Table 3a: Gender specific distribution of laboratory-confirmed influenza cases in the WHO African Region in 2009


Table 3b: Age and gender specific distribution of laboratory-confirmed influenza cases
in the WHO African Region in 2009


Selected Priority Diseases Under Weekly Surveillance:
Cases and Deaths in 2009

Cholera, cerebrospinal meningitis, influenza, dysentery and measles dominated the epidemiological situation in the Region from January to September 2009 (Table 4).

Table 4: Reported cases and deaths of selected priority diseases under weekly surveillance
in the WHO African Region, 2009

Cholera

Cholera has become one of the major endemic diseases in the WHO African Region. From January through October, 5926 deaths were reported out of 195 795 suspected cases (Table 4) with a case fatality rate of over 1% (threshold) in the majority of countries with reported cases (Figure 2). The main risk factors are lack of potable water and poor sanitation. Prevention strategies include improving water and sanitation and health education.

Figure 2: Case fatality ratio of cholera by country in the WHO African Region, 2009


Cerebrospinal Meningitis

From January through September 2009, 76 612 cases and 4 361 deaths of cerebrospinal meningitis were reported to the Regional Office. The weekly trend of cases is illustrated in Figure 3.

Most of the cases reportedly occurred during the first half of the year.

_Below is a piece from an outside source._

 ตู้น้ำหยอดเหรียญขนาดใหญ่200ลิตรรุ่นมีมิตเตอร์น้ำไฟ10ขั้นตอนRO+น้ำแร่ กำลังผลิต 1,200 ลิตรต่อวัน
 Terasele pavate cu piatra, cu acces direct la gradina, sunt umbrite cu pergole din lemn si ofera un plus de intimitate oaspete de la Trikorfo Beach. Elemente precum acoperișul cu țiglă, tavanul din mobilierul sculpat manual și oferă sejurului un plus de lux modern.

This fact tallies with the epidemic season of the disease in countries of the cerebrospinal meningitis belt. At the peak of the 15th week more than nine thousand cases were reported.

Table 4 shows that meningitis took away 5463 lives during the period covered by this report in 2009, with a case fatality rate of 6.3% (threshold of acceptable = 10%).

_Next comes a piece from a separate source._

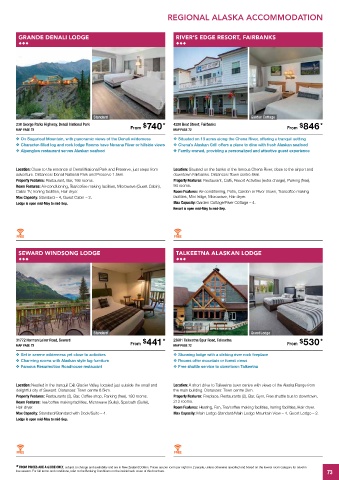 238 George Parks Highway, Denali National Park From 740 * 4200 Boat Street, Fairbanks From 846 *
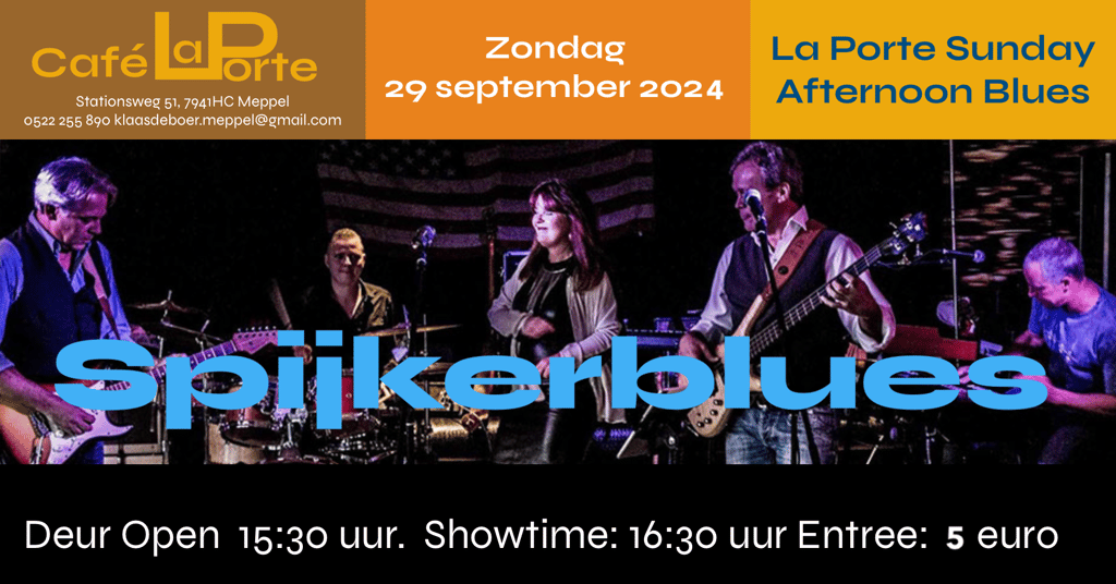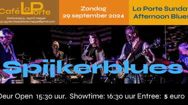 29 september Spijkerblues in Café La Porte Meppel. Deur open: 15:30 Showtime 16:30 Entree 5 euro

Detailed information on cerebrospinal meningitis including age, gender and causal pathogen distribution and anti microbial susceptibility will be shared in the next issue of the CDER.

Figure 3: Weekly trend of cerebrospinal meningitis cases in the WHO African Region, 2009


Leprosy:
Summary of Epidemiological Situation in The WHO African Region

In 36 countries that reported data for 2008, 31 056 new cases of leprosy were detected: 75% are multibacillary, 10% children, 11% with deformity grade 2 and 36% in women.

The magnitude of leprosy is decreasing in the Region. The prevalence rate was 0.43 cases per 10 000 inhabitants in 2008, down from 0.93 during the year 2000, 0.92 in 2001, 0.86 in 2002, 0.79 in 2003, 0.71 in 2004, 0.63 in 2005, 0.50 in 2006 and 0.46 in 2007. Support is needed to sustain the elimination levels achieved by Liberia, Madagascar and the Comoros (Figure 4).

All countries have expressed the need of a new strategy to maintain leprosy quality care services in order to further dramatically reduce the cost and burden of the disease. The proposed new leprosy elimination threshold is set at 1 case per 100 000 inhabitants at district level.